#### YOUR INSTRUCTIONS
In the listing below, find the line with "Angry woman with" and the line with "违法举报功能主要分为上传图片". Repeat those two lines and all lines between them exactly.

#### ENTRIES PROVIDED
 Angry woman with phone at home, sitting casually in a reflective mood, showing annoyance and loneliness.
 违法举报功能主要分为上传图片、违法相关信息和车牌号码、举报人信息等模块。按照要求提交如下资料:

--

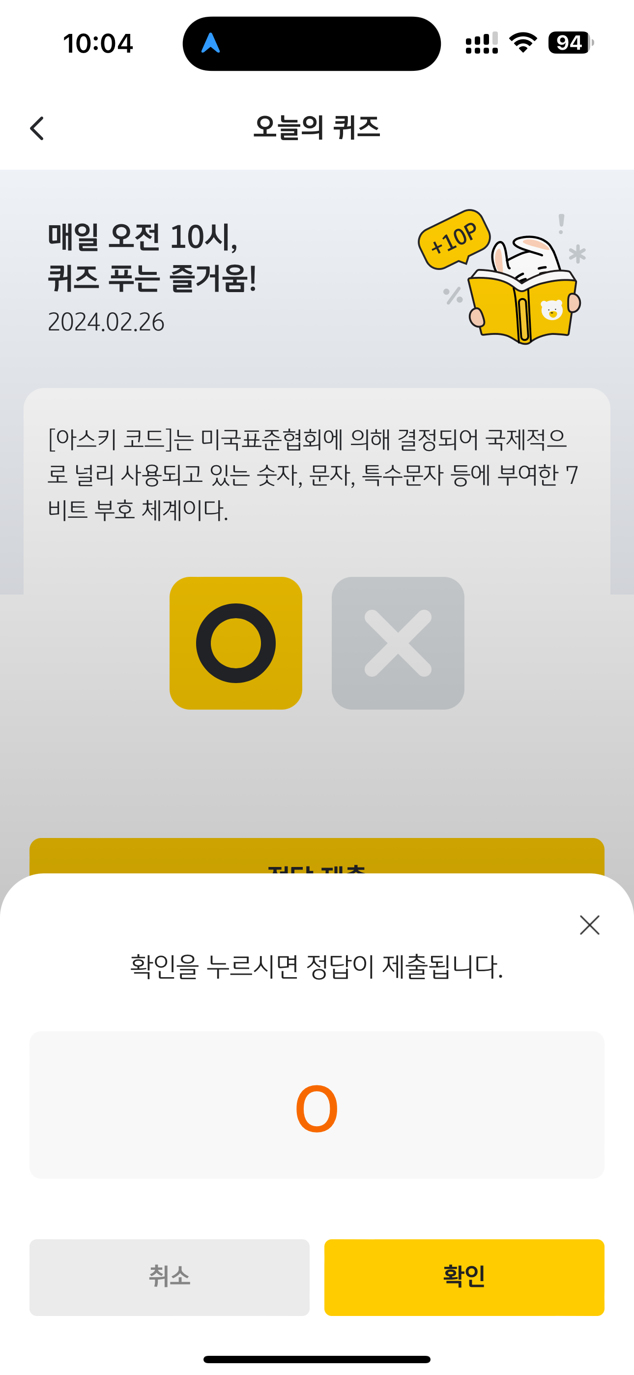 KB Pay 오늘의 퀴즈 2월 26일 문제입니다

---

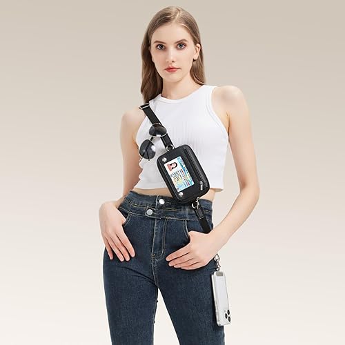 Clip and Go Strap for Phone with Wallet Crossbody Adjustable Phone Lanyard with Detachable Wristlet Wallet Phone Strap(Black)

#### RESULT OF THIS EXERCISE
 Angry woman with phone at home, sitting casually in a reflective mood, showing annoyance and loneliness.
 违法举报功能主要分为上传图片、违法相关信息和车牌号码、举报人信息等模块。按照要求提交如下资料:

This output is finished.